Con una sentenza storica la corte olandese impone alla Shell un taglio del 45% delle emissioni entro il 2030
Secondo una storica sentenza del tribunale Rechtspraak dell’Aia mercoledì, la compagnia petrolifera Royal Dutch Shell deve ridurre le proprie emissioni di carbonio del 45% entro la fine del 2030. Viene celebrato in tutto il mondo dai sostenitori del clima che hanno presentato la causa e da milioni di persone che li sostengono.
“Questo è un punto di svolta nella storia. Questo caso è unico perché è la prima volta che un giudice ordina a una grande azienda inquinante di rispettare l’accordo di Parigi sul clima. Questa sentenza potrebbe avere importanti conseguenze anche per altri grandi inquinatori”.
ha affermato Roger Cox, avvocato di Friends of the Earth Netherlands.
L’unione contro la Shell
Friends of the Earth, altre sei organizzazioni e circa 17.000 co-querelanti hanno intentato causa, a seguito delle richieste iniziali fatte nell’aprile 2018 alla compagnia petrolifera di allineare le sue operazioni e politiche con l’accordo sul clima.
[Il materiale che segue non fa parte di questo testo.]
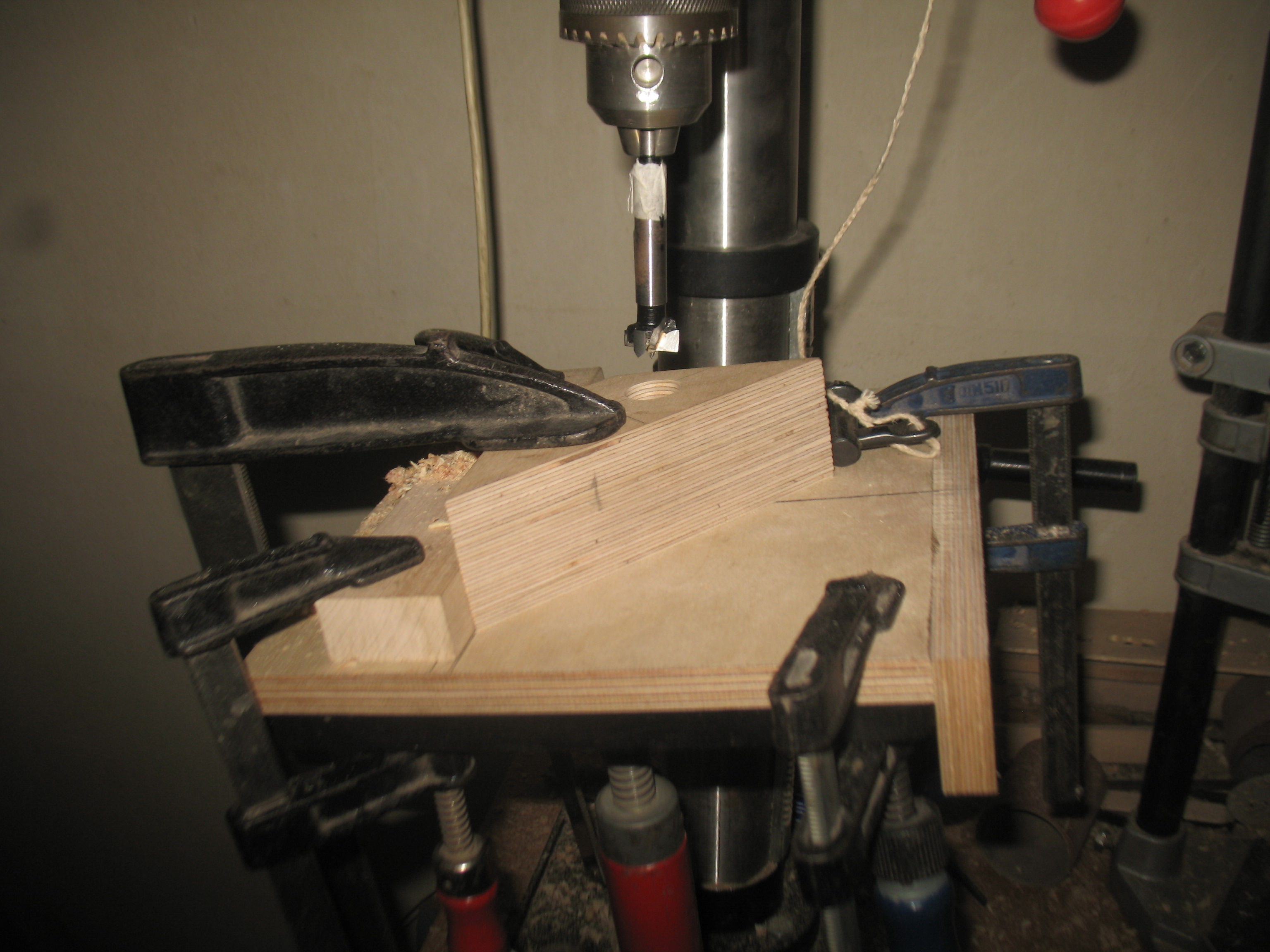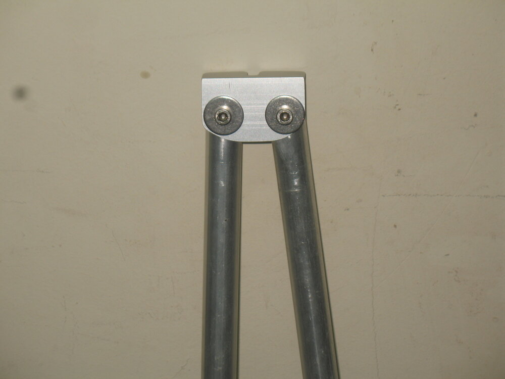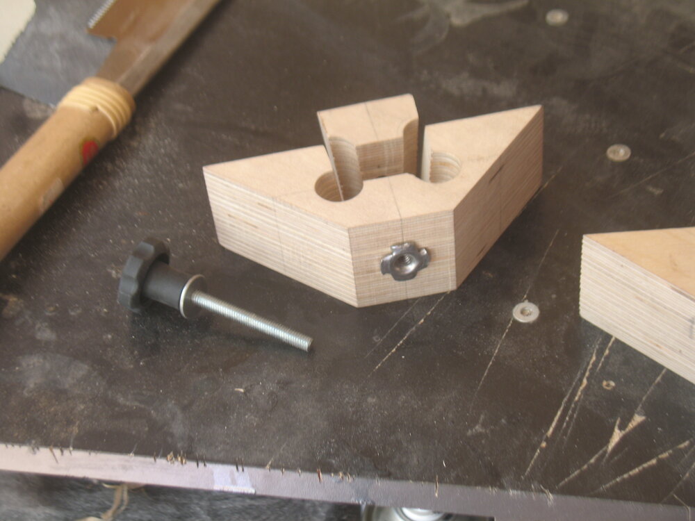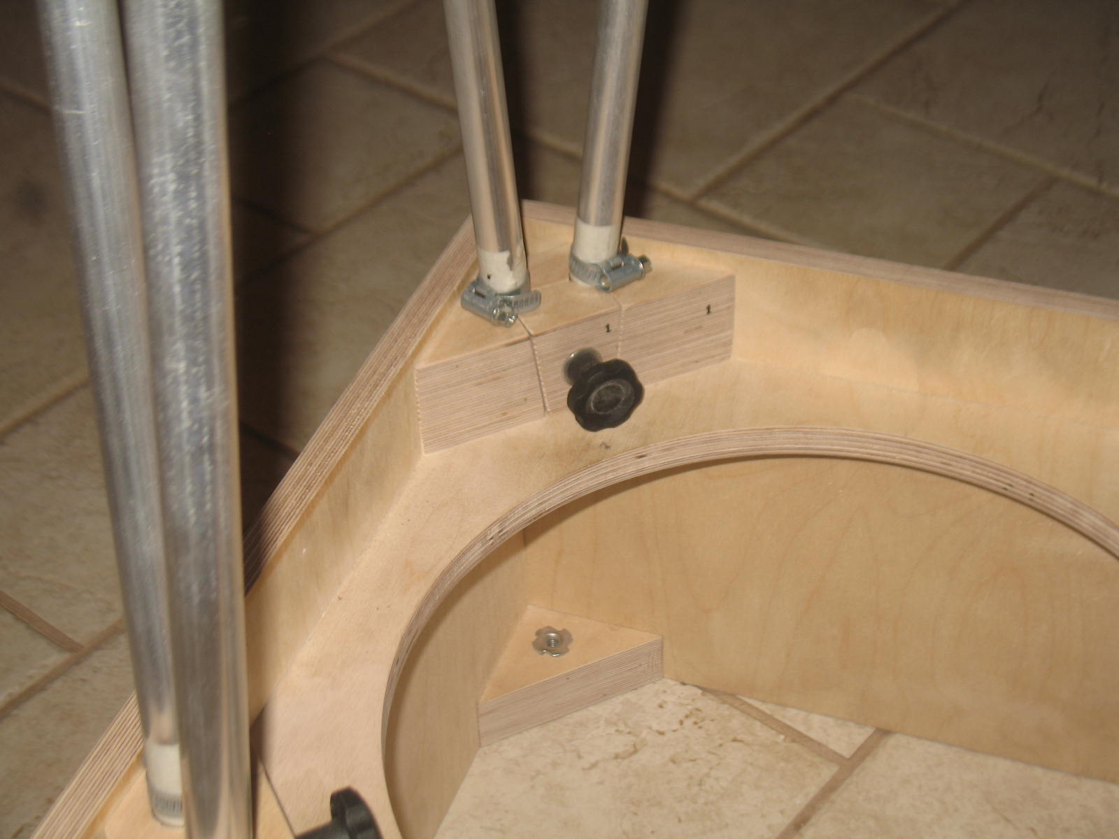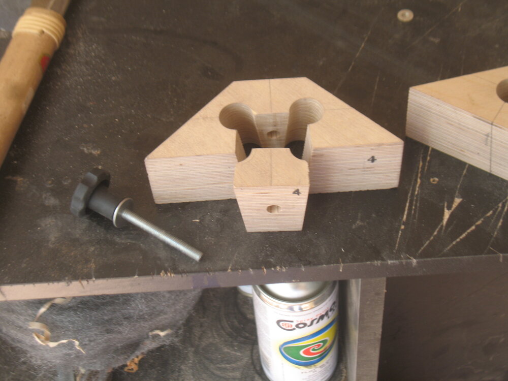 ΣΥΝΔΕΣΕΙΣ ΣΤΟ MIRROR BOX Για την σύνδεση των αντιστηριγμάτων με το mirror box, υιοθέτησα την τεχνική που εφάρμοσε και ο φίλος ο Δημήτρης ο Μανούσος στις δικές του κατασκευές. Οι σφιγκτήρες αυτού του τύπου έχουν γενικά το πλεονέκτημα ότι λειτουργούν ταυτόχρονα ως νεύρα, καθώς τοποθετούνται στις γωνίες του mirror box, αυξάνοντας την ανθεκτικότητά του, και επίσης αποτρέπουν την στρέβλωση των πλευρών του κουτιού, που προκαλείται με τα άλλα είδη συνδέσεων που βασίζονται στην στήριξη των ανιστηριγμάτων ανά δύο στην εσωτερική ή εξωτερική επιφάνεια των πλευρών. Το άνοιγμα των τρυπών ύπο κλίση 83 μοιρών έγινε με την βοήθεια τρυπανιού forstner 18 mm σε βάση μεταβλητής κλίσης. Μετά το τρύπημα, κόπηκε ένα μέρος της κάθε σύνδεσης ώστε να αποτελέσει το κινητό μέρος του σφιγκτήρα για την συγκράτηση των σωλήνων. Στη μικρή πλευρά του τραπεζίου του κάθε σφιγκτήρα τοποθετήθηκε καρφωτό περικόχλιο Μ6 και η σύσφιξη επιτυγχάνεται μέσω μιας χειρόβιδας με ντίζα Μ6 Προσχέδιο σφιγκτήρα σύνδεσης στο mirror box

L’accordo di Parigi sul clima prevede un aumento della temperatura globale non superiore a 1,5ºC. Qesto al fine di limitare l’innalzamento del livello del mare, le tempeste estreme e altre conseguenze dannose per l’ambiente.
Ma i documenti della Royal Dutch Shell citati nella sentenza del tribunale hanno stabilito gli obiettivi di Net Carbon Footprint dell’azienda, ovvero le emissioni totali sia dalla produzione di combustibili fossili sia dalle emissioni degli utenti finali, con una riduzione di appena il 20% entro il 2035 e del 50% nel 2050. Shell ha anche assicurato alle parti interessate che non ci sarebbero state perdite di beni bloccati in un periodo di transizione più lungo, con operazioni continue su tale base.
Sforzi insufficienti
La sentenza Rechtspraak si è fermata prima di constatare che la Royal Dutch Shell ha già violato i suoi obblighi in materia di clima. Ma la corte ha concluso che la violazione era imminente perché, sebbene Royal Dutch Shell stia facendo progressi, le politiche aziendali in realtà non riflettono i cambiamenti necessari per raggiungere realisticamente gli obiettivi di Parigi.
“La politica, le intenzioni politiche e le ambizioni di Royal Dutch Shell per il gruppo Shell sono in gran parte poco concrete, ancora da elaborare e intenzioni non vincolanti a lungo termine (2050)”, ha continuato la corte. Inoltre, tali intenzioni non sono incondizionate, ma – come si può leggere nei disclaimer e nelle note cautelative con la documentazione Shell – dipendono dal ritmo con cui la società globale si muove verso gli obiettivi climatici dell’Accordo di Parigi. Mancano completamente gli obiettivi di riduzione delle emissioni entro il 2030”.
il tribunale detto nella sua sentenza. Ovviamente non sono mancati i festeggiamenti delle varie organizzazioni che si occupano della protezione dell’ambiente.
“Questa è una vittoria storica per il clima e per tutti coloro che sono colpiti dalla crisi climatica. Carbone, petrolio e gas devono rimanere nel sottosuolo. Le persone di tutto il mondo chiedono giustizia climatica. Oggi il giudice ha confermato che abbiamo ragione. Le multinazionali possono essere ritenute responsabili della crisi climatica”.
ha affermato Andy Palmen, direttore ad interim di Greenpeace Paesi Bassi.